Re: [PATCH 1/3] KVM: x86/mmu: Dynamically allocate shadow MMU's hashed page list

Vipin Sharma <vipinsh@xxxxxxxxxx> · Mon, 17 Mar 2025 09:37:32 -0700

On 2025-03-14 19:40:08, Sean Christopherson wrote:
> Dynamically allocate the (massive) array of hashed lists used to track
> shadow pages, as the array itself is 32KiB, i.e. is an order-3 allocation
> all on its own, and is *exactly* an order-3 allocation.  Dynamically
> allocating the array will allow allocating "struct kvm" using regular
> kmalloc(), and will also allow deferring allocation of the array until
> it's actually needed, i.e. until the first shadow root is allocated.
> 
> Signed-off-by: Sean Christopherson <seanjc@xxxxxxxxxx>
> ---
>  arch/x86/include/asm/kvm_host.h |  4 ++--
>  arch/x86/kvm/mmu/mmu.c          | 21 ++++++++++++++++++++-
>  arch/x86/kvm/x86.c              |  5 ++++-
>  3 files changed, 26 insertions(+), 4 deletions(-)
> 
> --- a/arch/x86/kvm/mmu/mmu.c
> +++ b/arch/x86/kvm/mmu/mmu.c
> @@ -6673,13 +6685,19 @@ static void kvm_mmu_zap_all_fast(struct kvm *kvm)
>  		kvm_tdp_mmu_zap_invalidated_roots(kvm, true);
>  }
>  
> -void kvm_mmu_init_vm(struct kvm *kvm)
> +int kvm_mmu_init_vm(struct kvm *kvm)
>  {
> +	int r;
> +
>  	kvm->arch.shadow_mmio_value = shadow_mmio_value;
>  	INIT_LIST_HEAD(&kvm->arch.active_mmu_pages);
>  	INIT_LIST_HEAD(&kvm->arch.possible_nx_huge_pages);
>  	spin_lock_init(&kvm->arch.mmu_unsync_pages_lock);
>  
> +	r = kvm_mmu_alloc_page_hash(kvm);
> +	if (r)
> +		return r;
> +

In the patch 3, shouldn't this be moved to else part of the below 
'if (tdp_mmu_enabled)' line?
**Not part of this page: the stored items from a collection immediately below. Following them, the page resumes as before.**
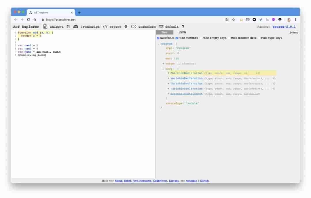 在详细讲解如何创立一个规则之前,我们先来谈谈 AST(笼统语法树)。ESLint 使用了一个叫做 Espree 的 JavaScript 解析器来把 JavaScript 代码解析为一个 AST 。而后深度遍历 AST,每条规则都会对匹配的过程进行监听,每当匹配到一个类型,相应的规则就会进行检查。为了方便查看 AST 的各个节点类型,这里提供一个网站能十分清晰的查看一段代码解析成 AST 之后的样子:astexplorer。假如你想找到所有 AST 节点的类型,可以查看 estree。
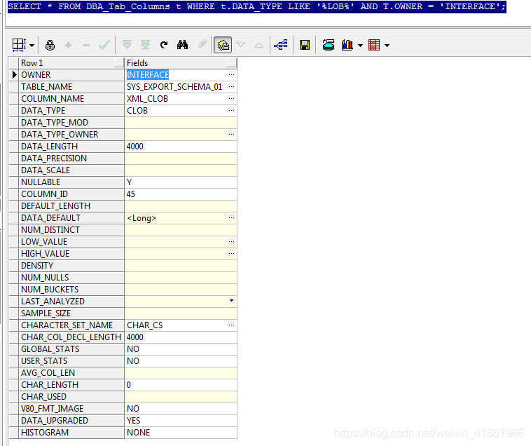 SELECT * FROM DBA_Tab_Columns t WHERE t.DATA_TYPE LIKE '%LOB%' AND T.OWNER = 'INTERFACE';
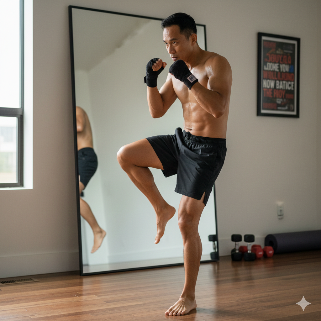 - Allows for self-correction – Training in front of a mirror helps identify flaws in form, footwork, and guard positioning.
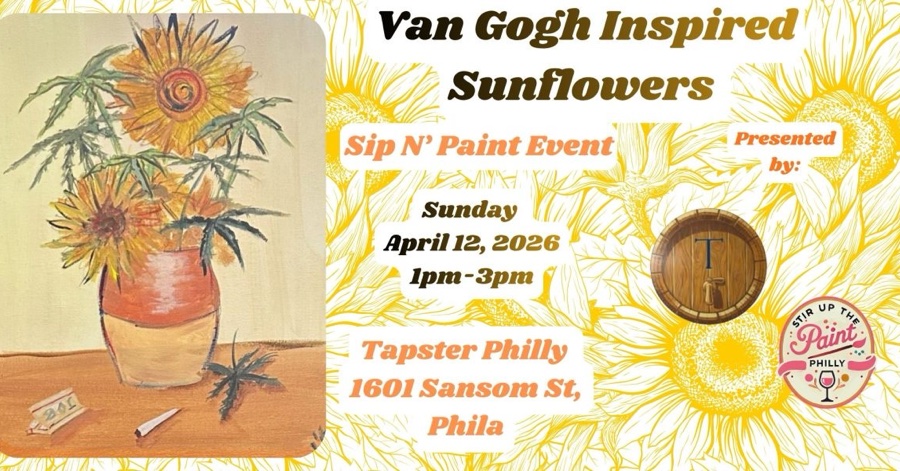 Join us for a fun-filled afternoon of creativity and self-expression at the “Van Gogh Inspired Sunflowers” Stir Up the Paint- Paint and Sip Event! Get ready to unleash your inner artist as we guide you through the process of creating a stunning masterpiece, all while enjoying your favorite beverages. Whether you’re a seasoned painter or a total beginner, this event is open to everyone. Our talented instructors will provide step-by-step instructions, ensuring that you leave with a work of art you can be proud of. Our hosts at Tapster offer a Self-Serve Tapster bar, a newer concept in the Philly area where you can sample a variety of beverages, and then self-pour your favorites after sampling. You can find out more about Tapster at: https://www.tapstertastingroom.com/ NOTE: This event is 21+ CLASS BEGINS ON TIME, PLEASE ARRIVE EARLY FOR PREFERRED SEATING THERE IS A 15 MINUTE GRACE PERIOD, AFTER THE GRACE PERIOD ENDS IT IS UP TO THE MASTER ARTISTS’ DISCRETION TO ALLOW YOU TO JOIN REFUNDS ARE ONLY ISSUED TO CANCELATIONS MADE WITHIN 24 HOURS OF CLASS TIME. Reach out to Stirupthepaintphl@gmail.com for further questions
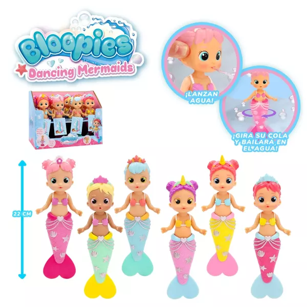 Fedezd fel a Bloopies táncoló sellőbébiket, és varázsold különlegessé a fürdőidőt! Ezek az elbűvölő sellők vidám pillanatokat ígérnek a gyerekeknek mind a kádban, mind a medencében. A sellőbabák 22 cm magasak, és különleges képességük, hogy vízbe helyezve pörögnek, mintha táncolnának. Ráadásul, ha megnyomod a fejüket, vizet spriccelnek a szájukból, így még több móka vár az apróságokra. A színes kollekció 6 különböző sellőt tartalmaz: Natalie, Valentina, Melanie, Naomi, Cora és Hailey.

Otherwise, this hash array will always get
allocated.

>  	if (tdp_mmu_enabled)
>  		kvm_mmu_init_tdp_mmu(kvm);
>  
> --- a/arch/x86/kvm/x86.c
> +++ b/arch/x86/kvm/x86.c
> @@ -12704,7 +12704,9 @@ int kvm_arch_init_vm(struct kvm *kvm, unsigned long type)
>  	if (ret)
>  		goto out;
>  
> -	kvm_mmu_init_vm(kvm);
> +	ret = kvm_mmu_init_vm(kvm);
> +	if (ret)
> +		goto out_cleanup_page_track;
>  
>  	ret = kvm_x86_call(vm_init)(kvm);
>  	if (ret)
> @@ -12757,6 +12759,7 @@ int kvm_arch_init_vm(struct kvm *kvm, unsigned long type)
>  
>  out_uninit_mmu:
>  	kvm_mmu_uninit_vm(kvm);
> +out_cleanup_page_track:

I think there is a memory leak in this series.
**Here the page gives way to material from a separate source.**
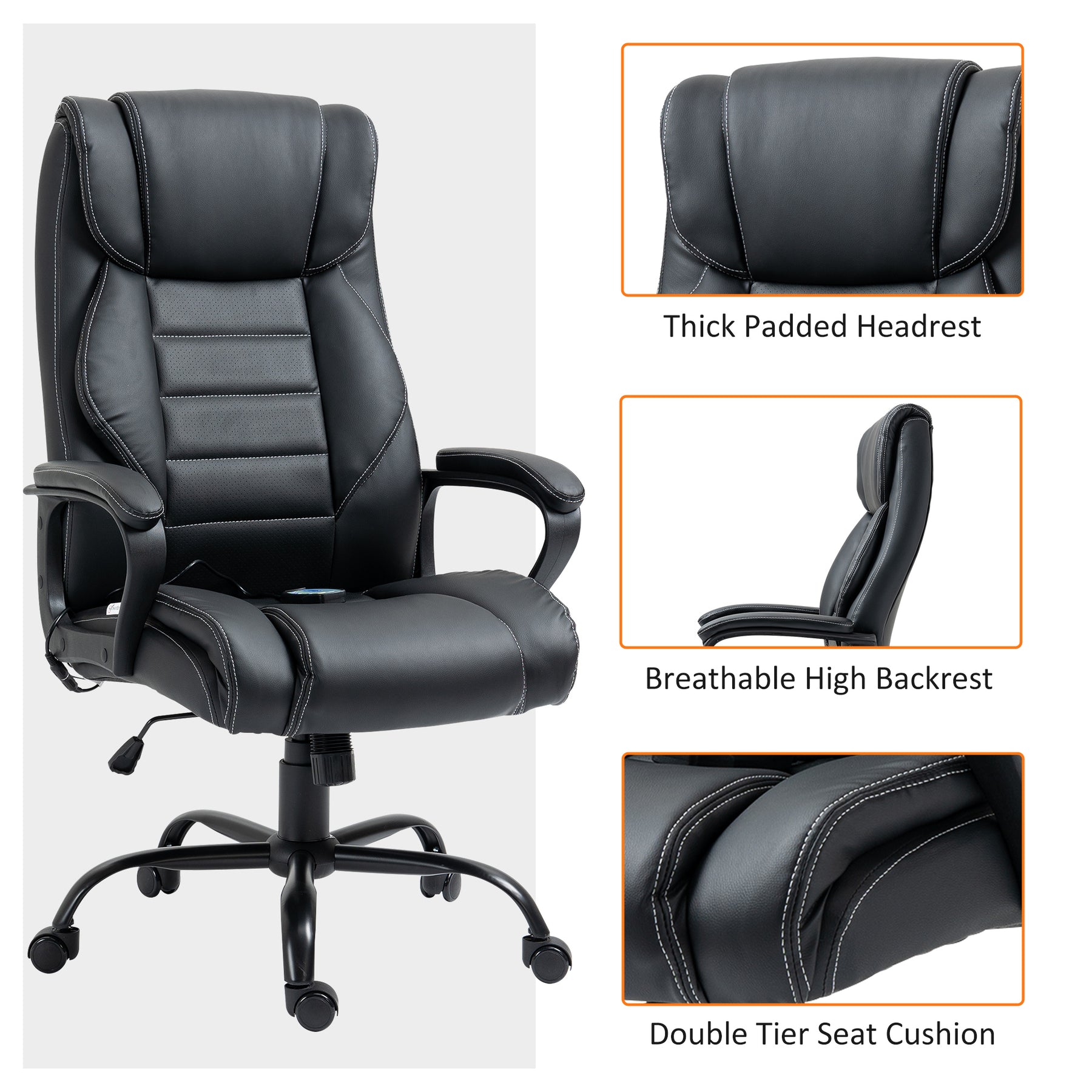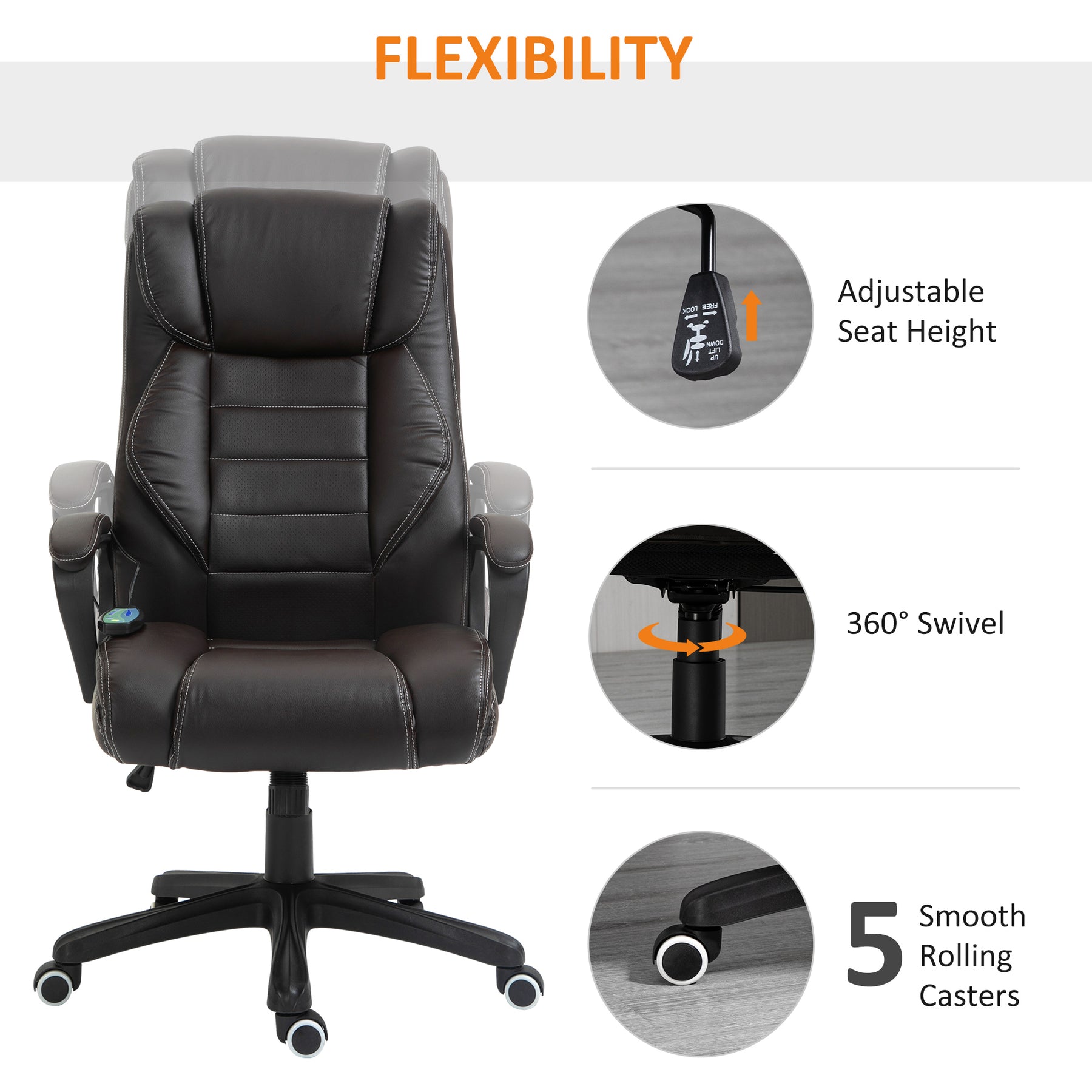 Work time will always be worth it with this massage office chair from Vinsetto. There are four vibration points on the back and two on the seat, controlled by the attached remote - making the comfy desk chair easy to de-stress your body. Comfortable features to support your body include the swivel and height-adjustable seat, fixed armrests, and tall back with extra padding on the head area. It comes with five wheels; you can have a quick move during work with our high back office chair.

1. kvm_mmu_uninit_vm() is not freeing kvm->arch.mmu_page_hash. So, in
error case out_uninit_mmu will not recover memory allocated in
kvm_mmu_alloc_page_hash().

2. When VM terminates or is killed then the same thing will happen, no
one is reclaiming the memory.

>  	kvm_page_track_cleanup(kvm);
>  out:
>  	return ret;